Gran Canaria Airport , sometimes also known as Gando Airport (), is a passenger and freight airport on the island of Gran Canaria. It is an important airport within the Spanish air-transport network (owned and managed by a public enterprise, AENA), as it holds the sixth position in terms of passengers, and fifth in terms of operations and cargo transported. It also ranks first of the Canary Islands in all three categories, although the island of Tenerife has higher passenger numbers overall if statistics from the two airports located on the island are combined.

The airport is located in the eastern part of Gran Canaria on the Bay of Gando (Bahía de Gando),  to the south of Las Palmas, and  from the popular tourist areas in the south. In 2014 it handled over 10.3 million passengers, ranking 1st in the Canary Islands and 5th in Spain by passenger traffic. Gran Canaria Airport is an important hub for passengers travelling to West Africa (Morocco, Mauritania, Senegal, Cape Verde, among others), and to the Atlantic Isles of Madeira and the Azores. It serves as base for Binter Canarias, Canaryfly, Ryanair, Norwegian Air Shuttle and Vueling. Other airlines use it as a base to operate charter flights to Cape Verde and Gambia (TUI fly Deutschland and TUI fly Nordic), but only in the winter.

History

In 1919, Frenchman Pierre George Latécoère was granted clearance from the French & Spanish governments to establish an airline route between Toulouse and Casablanca. This also included stopovers in Málaga, Alicante and Barcelona. The airport opened on 7 April 1930, after King Alfonso XIII signed a royal order announcing that the military air force installations on the Bay of Gando would become a civilian airfield. In its existence, the airport has become the largest gateway into the Canary Islands, as well as the largest in terms of passenger and cargo operations, although the island of Tenerife has higher passenger numbers overall between the two airports located on the island.

In 1946, the old passenger terminal opened, which took two years to build. In 1948 a runway was built, which was completed and fully tarmacked in 1957.
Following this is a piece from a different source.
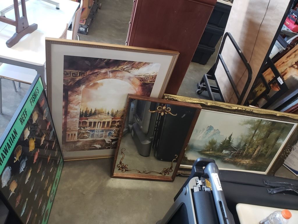 GILT FRAMED PAINTING, 2 FRAMED PRINTS AND MIRROR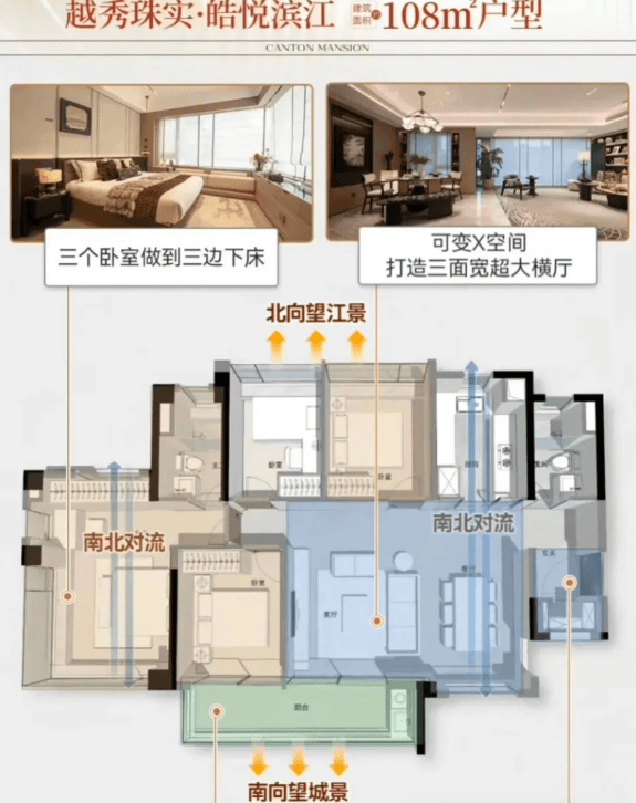 作为广州“新规”落地后的标杆之作,项目在户型设计上全面突破传统局限。首推建面约82-108㎡全南向三至四房,户户朝南,采光通风俱佳。其中:

In 1963, improvements to the airport were made. This included new parking spaces, enlargement of the terminal and the provision of a visual approach slope indicator system. In 1964, a transmission station was built. In 1966 a new control tower was completed, replacing the old control tower that was constructed in 1946.  In 1970, work began on the current passenger terminal which opened in March 1973. During this time, a second runway was being built and this was completed in 1980. 

On 18 February 1988, Binter Canarias announced that the airline's main base was to be established at Gran Canaria. The base opened on 26 March 1989. In October 1991, the terminal was enlarged with improved facilities so it could handle more passengers.

In December 2010, low-cost carrier Ryanair announced the opening of 3 new bases on the Canary Islands.  In addition to Gran Canaria these include Lanzarote and Tenerife South. Ryanair presently operates 30 routes from Gran Canaria. The airport was an official alternative (emergency) landing site for the NASA Space Shuttle, before the ending of the Space Shuttle programme in July 2011.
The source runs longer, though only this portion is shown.